Geçen hafta Tigrayan liderliğiyle barış müzakerelerini yürütecek bir komitenin kurulduğunu açıklayan Abiy için Oromia’daki siyasi meydan okuma devam ediyor. Hükümet Mart ayında insani bir ateşkes ilan etmesine rağmen, Tigrayan yetkilileri ve yardım grupları, tedarikin bölgede telekomünikasyon ve bankacılık hizmetlerinden hala kopuk olanlara yardım etmek için çok yetersiz olduğunu söylüyor.
Bay Abiy, giderek zorlaşan bir ulus üzerindeki kontrolünü genişletmek amacıyla son haftalarda etnik Amhara grubuyla da karşı karşıya geldi.

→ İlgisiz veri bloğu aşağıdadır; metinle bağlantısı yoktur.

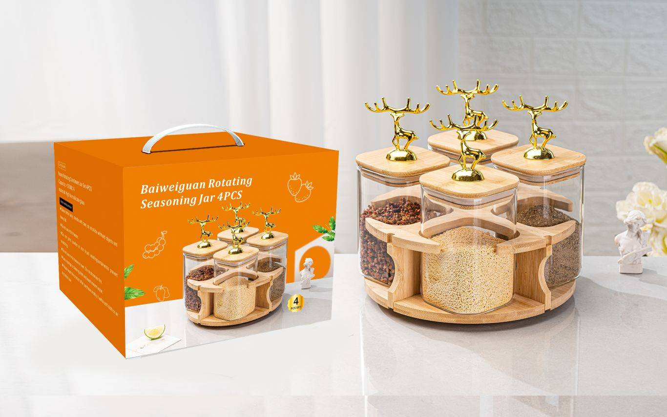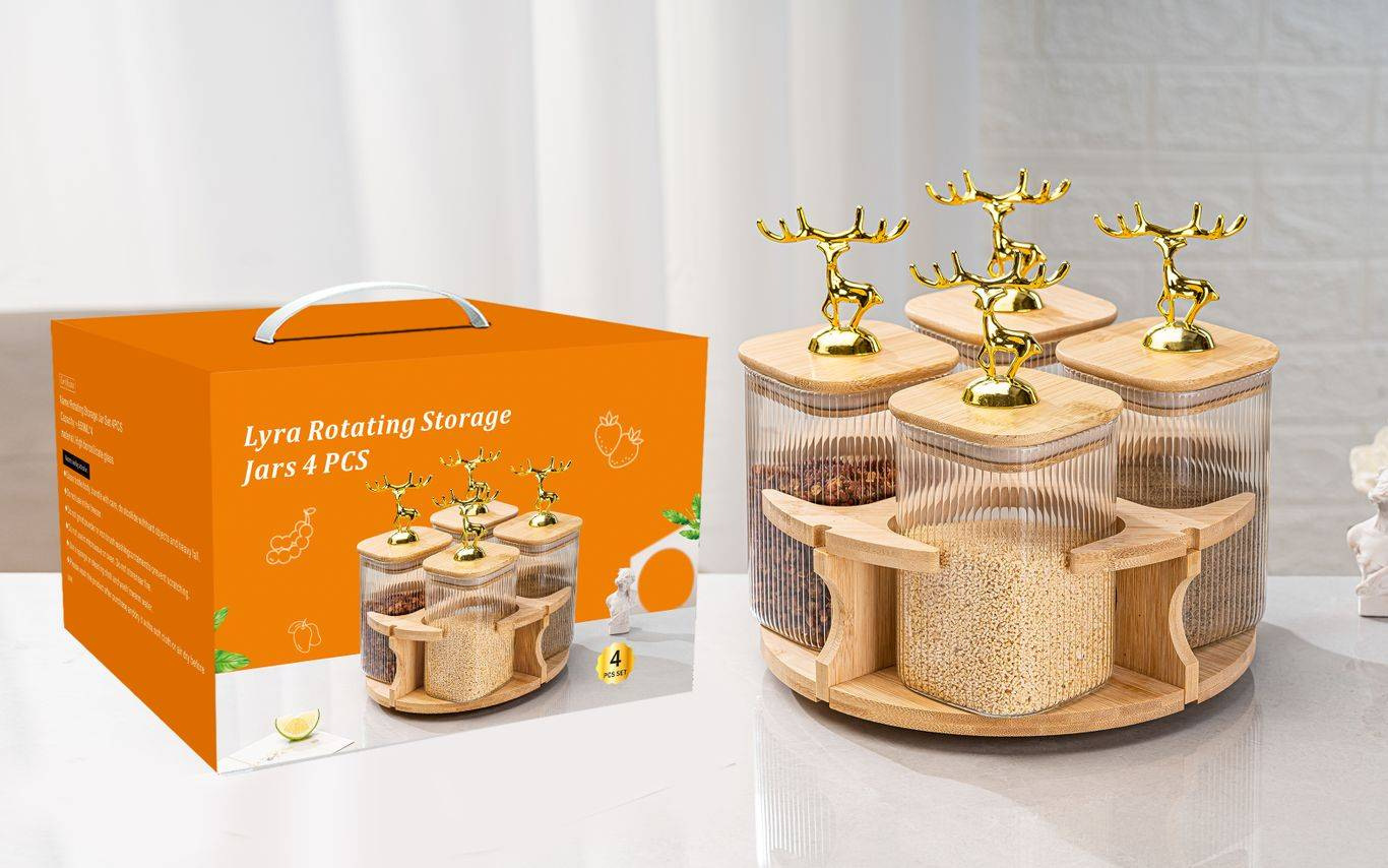 储物罐高硼硅莱拉旋转玻璃储物罐家用五谷杂粮密封罐活动开业礼品

Yetkililer, Amhara bölgesindeki binlerce gazeteci ve eylemci ile birlikte, Tigray savaşındaki mücadelesinde kilit bir müttefik olan Fano milislerinin üyelerini tutukladı. Savaşın başlarında, Amhara kuvvetleri, hem Amharalar hem de Tigrayanlar’ın kendilerine ait olduğunu iddia ettikleri batı Tigray’ın bazı kısımlarını ele geçirdi.
Sudan sınırındaki verimli bölge, Abiy’in Tigray ile müzakereleri sırasında bir baskı noktası haline gelebilir.
Etiyopya’da belirsizlik durumu genişlerken, insan hakları savunucuları daha önceki ihlallerin sorumluluğunun olmamasının birçok toplumu korku içinde bıraktığını söylüyor.
İnsan Hakları İzleme Örgütü Afrika Boynuzu direktörü Laetitia Bader, bu durumun özellikle “Batı Oromia’daki güvenlik güçleri ve silahlı gruplar tarafından geniş çapta suistimallere maruz kalan Oromo ve Amhara azınlık toplulukları için geçerli” olduğunu söyledi.
Tole köyü sakini Fikadu, saldırıda ölenler için çok geç olduğunu, ancak yetkililerin hala hayatta olanları korumak için çalışacağını umduğunu söyledi.
Bu ülkede çok insan öldü ama adalet yerini bulmadı” dedi.
The New York Times’ın bir çalışanı Etiyopya, Addis Ababa’dan gelen haberlere katkıda bulundu.